"""

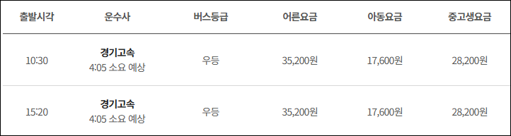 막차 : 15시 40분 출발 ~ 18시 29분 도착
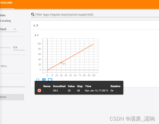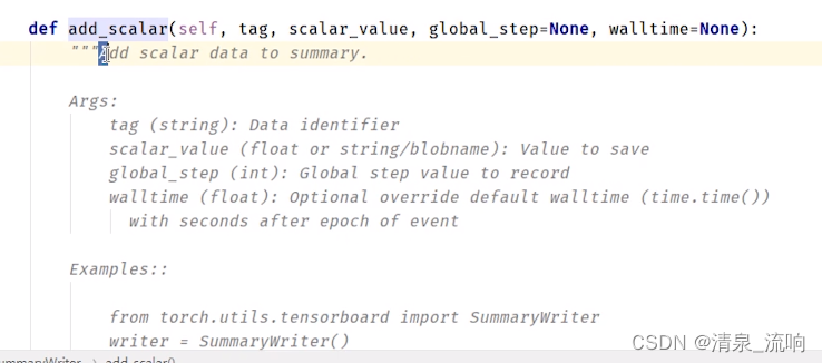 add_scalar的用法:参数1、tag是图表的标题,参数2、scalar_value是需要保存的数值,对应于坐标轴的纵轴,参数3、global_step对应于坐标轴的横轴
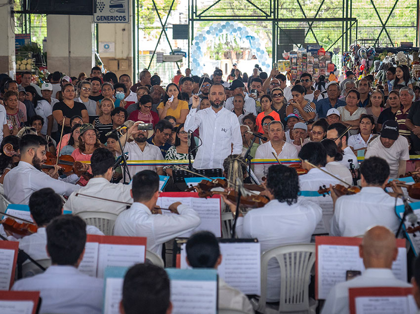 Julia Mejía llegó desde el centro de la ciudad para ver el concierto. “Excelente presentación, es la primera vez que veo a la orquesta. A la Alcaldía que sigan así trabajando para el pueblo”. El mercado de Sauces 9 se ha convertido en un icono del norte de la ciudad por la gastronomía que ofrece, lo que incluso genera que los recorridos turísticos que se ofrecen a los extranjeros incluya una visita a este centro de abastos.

"""
"""

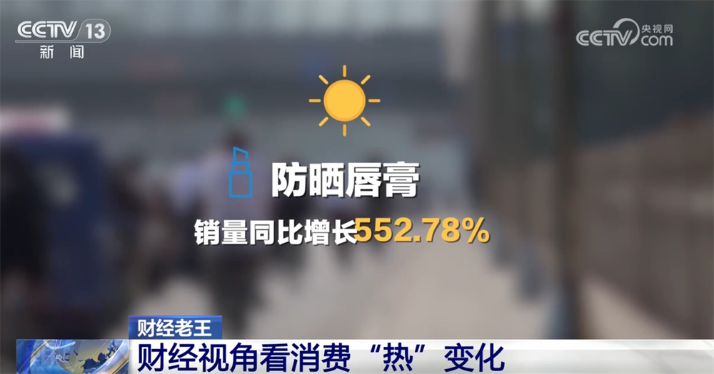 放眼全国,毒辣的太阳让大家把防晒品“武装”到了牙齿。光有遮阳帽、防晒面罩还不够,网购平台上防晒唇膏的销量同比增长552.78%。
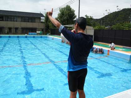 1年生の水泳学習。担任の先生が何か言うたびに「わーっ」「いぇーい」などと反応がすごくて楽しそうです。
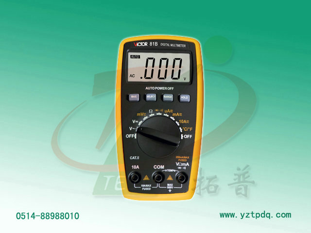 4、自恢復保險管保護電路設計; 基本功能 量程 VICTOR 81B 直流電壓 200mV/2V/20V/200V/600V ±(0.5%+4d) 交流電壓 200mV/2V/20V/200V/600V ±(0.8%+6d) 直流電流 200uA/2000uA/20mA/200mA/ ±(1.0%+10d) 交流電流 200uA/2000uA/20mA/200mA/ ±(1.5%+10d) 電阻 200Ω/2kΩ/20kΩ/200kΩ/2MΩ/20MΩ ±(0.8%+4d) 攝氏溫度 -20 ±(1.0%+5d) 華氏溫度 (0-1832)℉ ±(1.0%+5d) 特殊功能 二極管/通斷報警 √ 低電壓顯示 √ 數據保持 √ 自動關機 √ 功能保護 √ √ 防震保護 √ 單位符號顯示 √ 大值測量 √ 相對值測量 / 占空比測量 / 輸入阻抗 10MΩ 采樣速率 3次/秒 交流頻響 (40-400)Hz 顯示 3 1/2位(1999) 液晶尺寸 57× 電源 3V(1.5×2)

"""
"""

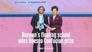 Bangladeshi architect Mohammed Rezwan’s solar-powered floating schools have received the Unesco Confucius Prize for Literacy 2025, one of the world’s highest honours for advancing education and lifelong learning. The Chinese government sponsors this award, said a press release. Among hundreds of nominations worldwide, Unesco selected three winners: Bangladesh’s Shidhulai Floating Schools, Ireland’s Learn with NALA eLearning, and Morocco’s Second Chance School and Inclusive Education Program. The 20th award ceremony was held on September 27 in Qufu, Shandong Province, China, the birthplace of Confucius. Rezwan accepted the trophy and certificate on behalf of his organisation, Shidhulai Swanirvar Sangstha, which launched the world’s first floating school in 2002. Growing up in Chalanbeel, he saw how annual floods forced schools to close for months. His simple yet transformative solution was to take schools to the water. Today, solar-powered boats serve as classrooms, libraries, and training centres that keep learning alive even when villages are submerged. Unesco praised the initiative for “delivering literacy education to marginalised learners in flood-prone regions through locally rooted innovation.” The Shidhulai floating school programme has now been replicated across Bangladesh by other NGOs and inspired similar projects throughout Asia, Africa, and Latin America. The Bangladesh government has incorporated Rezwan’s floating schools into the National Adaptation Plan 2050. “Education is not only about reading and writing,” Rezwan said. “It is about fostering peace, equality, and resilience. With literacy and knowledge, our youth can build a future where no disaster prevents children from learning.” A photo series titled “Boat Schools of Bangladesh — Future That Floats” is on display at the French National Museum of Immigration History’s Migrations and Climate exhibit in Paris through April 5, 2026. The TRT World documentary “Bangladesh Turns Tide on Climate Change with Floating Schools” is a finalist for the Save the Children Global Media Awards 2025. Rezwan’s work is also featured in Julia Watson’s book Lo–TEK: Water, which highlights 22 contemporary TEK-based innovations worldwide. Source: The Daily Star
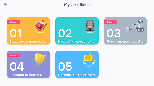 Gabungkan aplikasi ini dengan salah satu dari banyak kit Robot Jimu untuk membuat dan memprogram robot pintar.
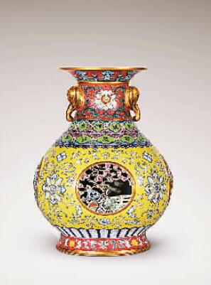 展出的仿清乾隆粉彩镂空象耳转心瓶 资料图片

"""

Set the pictures aside and reproduce exactly the lines above, from the line holding "Gabungkan aplikasi ini" through the line holding "展出的仿清乾隆粉彩镂空象耳转心瓶 资料图片", both included, with nothing else.

Answer to this problem:
 Gabungkan aplikasi ini dengan salah satu dari banyak kit Robot Jimu untuk membuat dan memprogram robot pintar.
 展出的仿清乾隆粉彩镂空象耳转心瓶 资料图片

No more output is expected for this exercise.